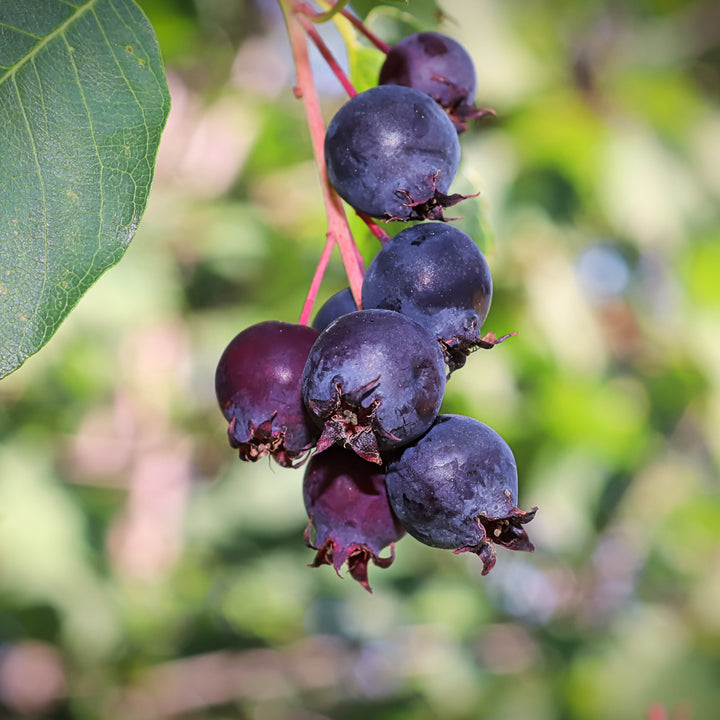Amelanchier alnifolia 'Smokey' is one of the most popular varieties for its abundant production of large, sweet, and flavorful fruits, ideal for fresh eating, desserts, or drying. Its rich, slightly vanilla flavor makes it a must-have for garden berries. It also produces magnificent white flowers in spring, followed by dark green foliage that turns yellow in autumn. This cultivar forms a dense, rounded shrub, well-suited to fruit hedges or home orchards. Very hardy and drought-tolerant, 'Smokey' is a sure bet for easy and generous cultivation, even in harsh conditions.
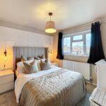 With a double glazed window to front, radiator, good size double door walk-in wardrobe with useful hanging rails and shelving, and attractive wood panelling to one wall.
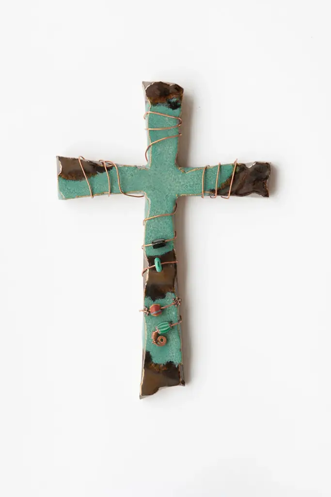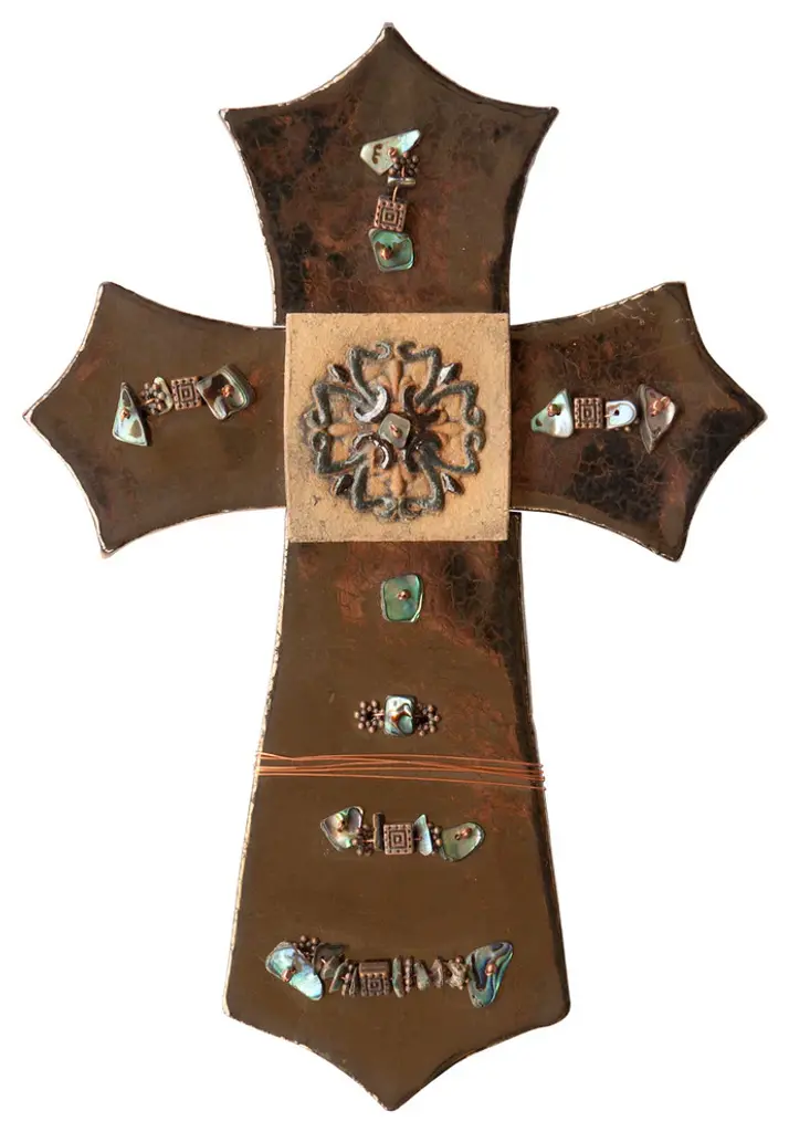 Handcrafted of quality materials, the Handmade Copper and Clay Cross is the perfect way to add a touch of decor to your space with a natural feel. This piece features copper wire and mother of pearl beads in a cool tone to complement the cross''s natural patina. Every detail works cohesively with one another, creating a gorgeous piece that will bring a new warmth to your space! This handmade cross measures 6 inches wide and 8.5 inches high and is ideal with other decorative items on a gallery wall or for placing above your bed.
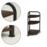 The frame is made of metal with a matte black powder finish, resistant to scratches. The shape fits perfectly into corner spaces.
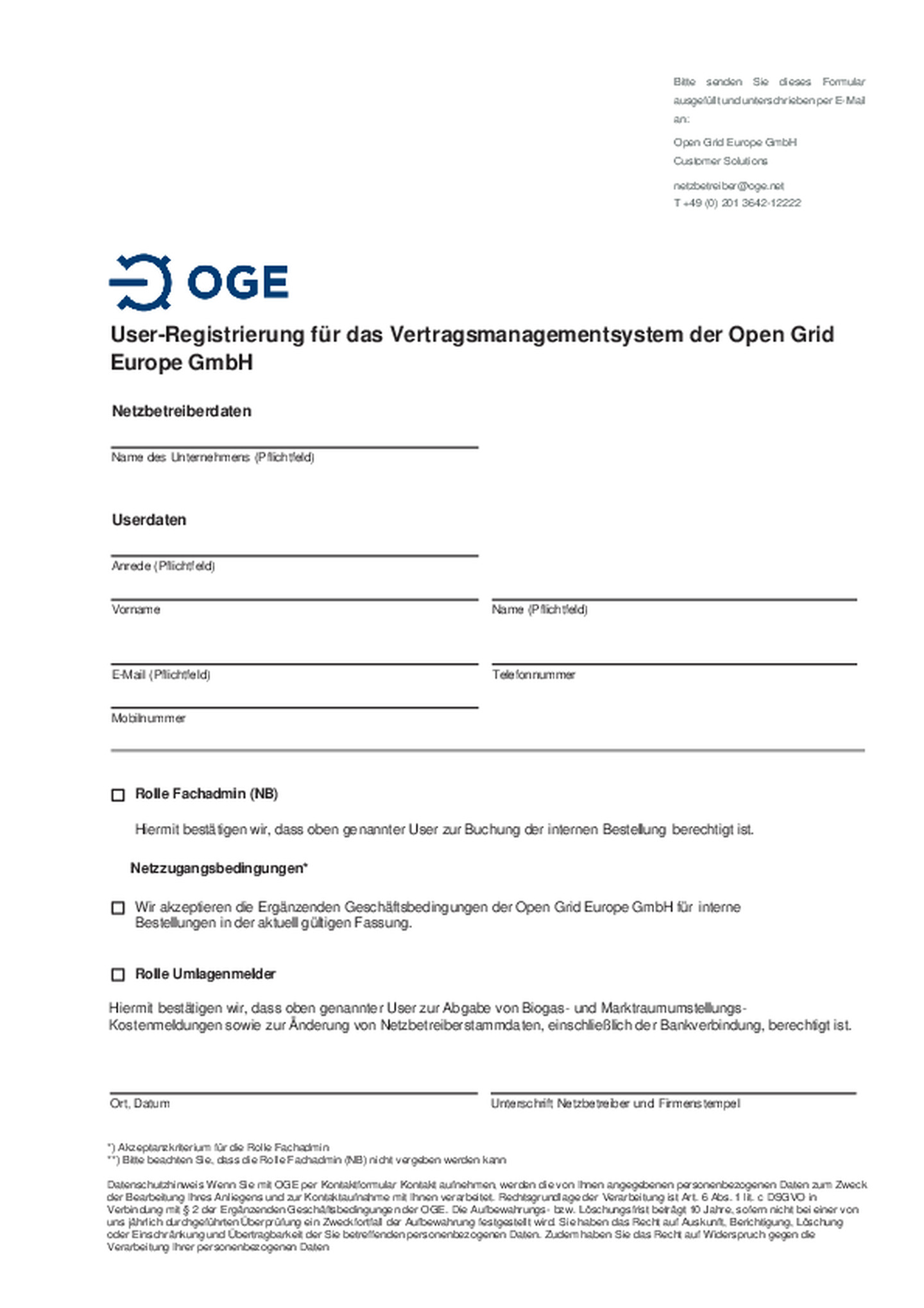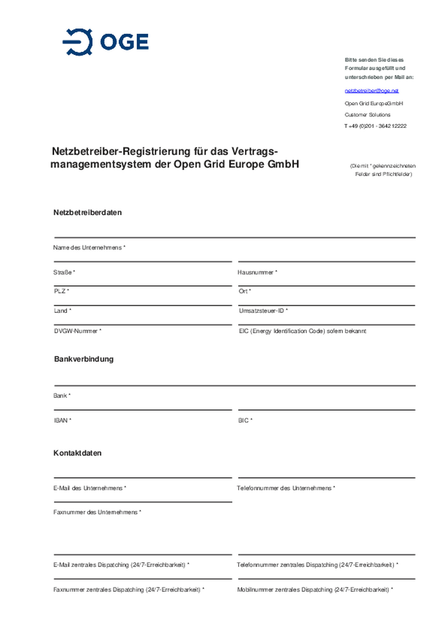 Open Grid Europe offers its shippers a form for the efficient handling of enquiries pursuant to Section 38 GasNZV. The use of the form is intended to ensure that Open Grid Europe promptly obtains all… information required to process your enquiry efficiently.
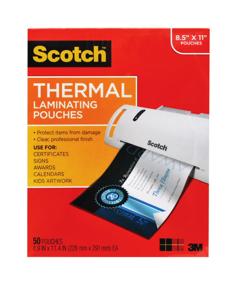 Scotch Thermal Laminating Pouches protect documents you handle frequently. These 3 mil thick thermal laminating pouches are clear to let important information show through. Great for children's artwork! Pouches measure 8.9" x 11.4", and hold documents up to 8.5" x 11". Includes 50 per pack.
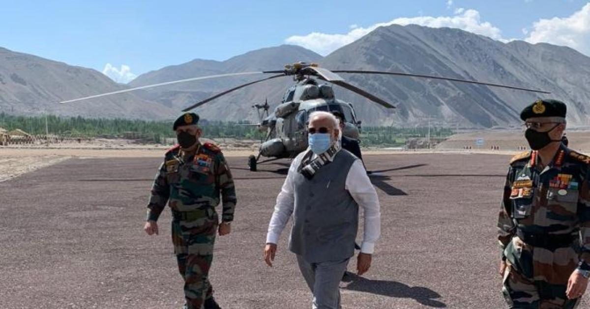 Modi, accompanied by Chief of Defence Staff General Bipin Rawat and Army Chief General Manoj Mukund Naravane, reached Leh around 9.30 am, sources said.
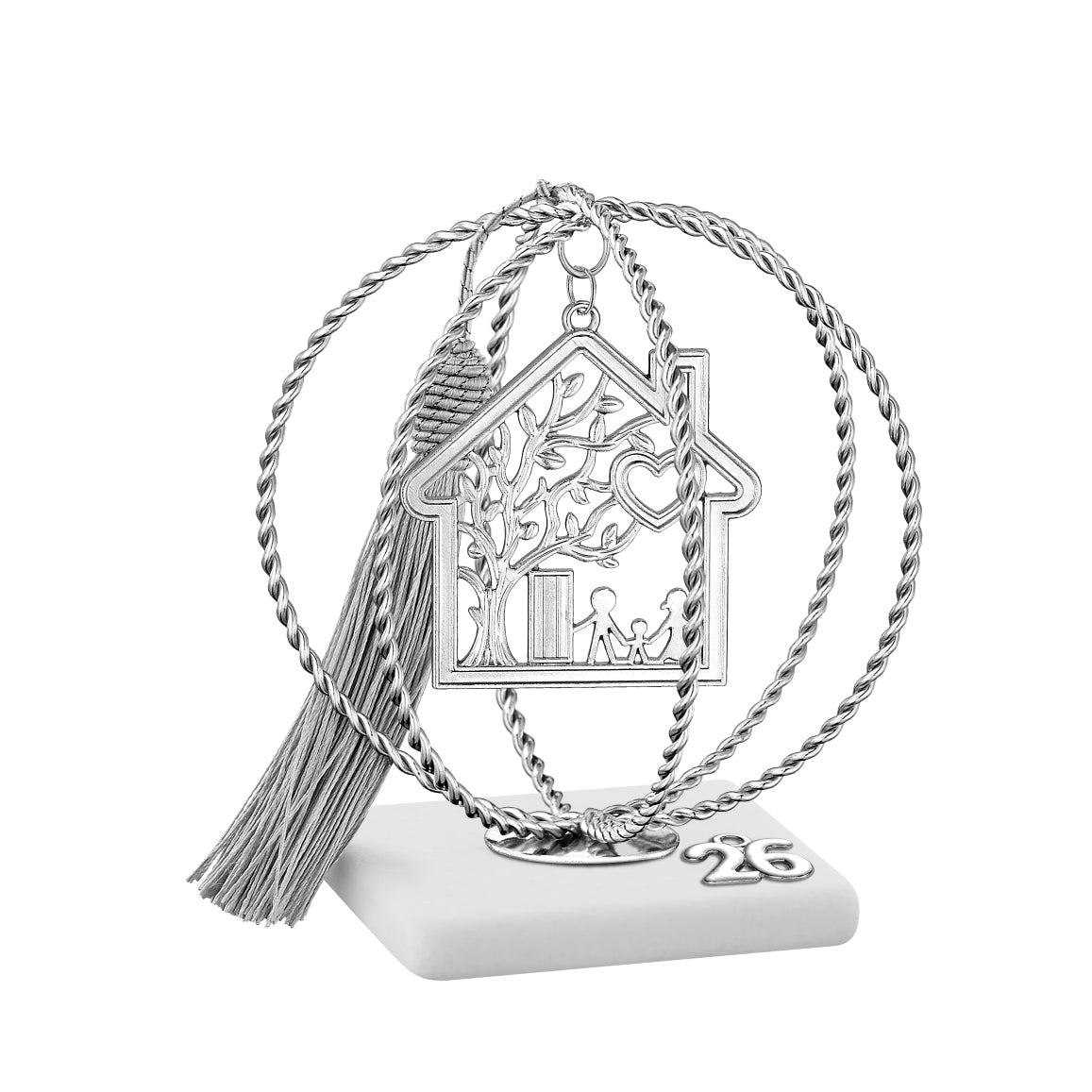 Χειροποίητο γούρι 2026 με μεταλλικό Σπιτάκι με οικογένεια, σε Μεταλλική Σφαίρα Πλεξούδες ασημί & Μαρμάρινη Βάση συμβολίζει την ασφάλεια, την ευημερία και τη ζεστασιά του σπιτιού για τη νέα χρονιά.
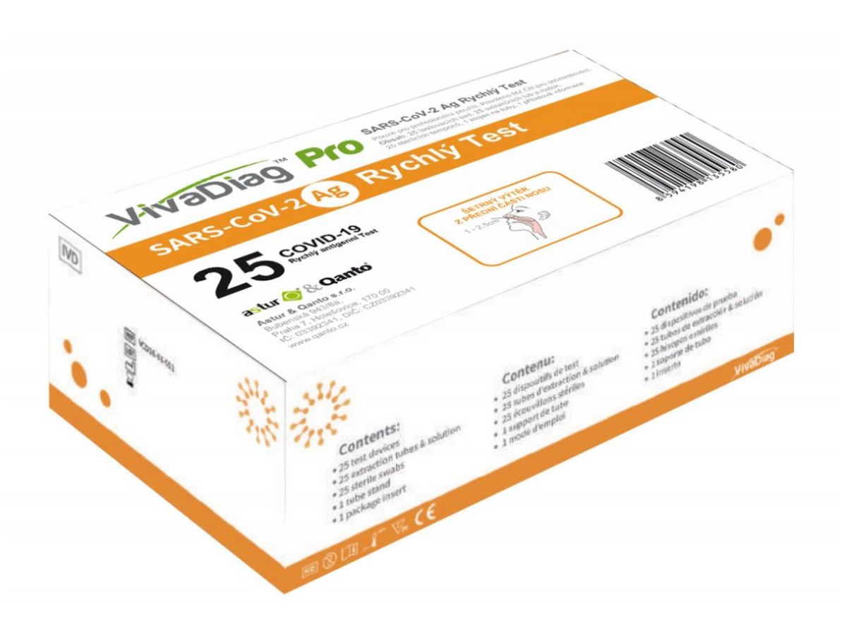 VivaDiag Antigenní certifikovaný samotest – self test ze špičky nosu na COVID-19, 25 ks - EXPIRACE 18.10.2023

○ ○ ○ ○

■ WHAT IS REQUIRED ■
Begin at the line containing "With a double" and stop at the final line of the data. Retype those lines exactly, without the pictures.

■ WORKED SOLUTION ■
 With a double glazed window to front, radiator, good size double door walk-in wardrobe with useful hanging rails and shelving, and attractive wood panelling to one wall.
 Handcrafted of quality materials, the Handmade Copper and Clay Cross is the perfect way to add a touch of decor to your space with a natural feel. This piece features copper wire and mother of pearl beads in a cool tone to complement the cross''s natural patina. Every detail works cohesively with one another, creating a gorgeous piece that will bring a new warmth to your space! This handmade cross measures 6 inches wide and 8.5 inches high and is ideal with other decorative items on a gallery wall or for placing above your bed.
 The frame is made of metal with a matte black powder finish, resistant to scratches. The shape fits perfectly into corner spaces.
 Open Grid Europe offers its shippers a form for the efficient handling of enquiries pursuant to Section 38 GasNZV. The use of the form is intended to ensure that Open Grid Europe promptly obtains all… information required to process your enquiry efficiently.
 Scotch Thermal Laminating Pouches protect documents you handle frequently. These 3 mil thick thermal laminating pouches are clear to let important information show through. Great for children's artwork! Pouches measure 8.9" x 11.4", and hold documents up to 8.5" x 11". Includes 50 per pack.
 Modi, accompanied by Chief of Defence Staff General Bipin Rawat and Army Chief General Manoj Mukund Naravane, reached Leh around 9.30 am, sources said.
 Χειροποίητο γούρι 2026 με μεταλλικό Σπιτάκι με οικογένεια, σε Μεταλλική Σφαίρα Πλεξούδες ασημί & Μαρμάρινη Βάση συμβολίζει την ασφάλεια, την ευημερία και τη ζεστασιά του σπιτιού για τη νέα χρονιά.
 VivaDiag Antigenní certifikovaný samotest – self test ze špičky nosu na COVID-19, 25 ks - EXPIRACE 18.10.2023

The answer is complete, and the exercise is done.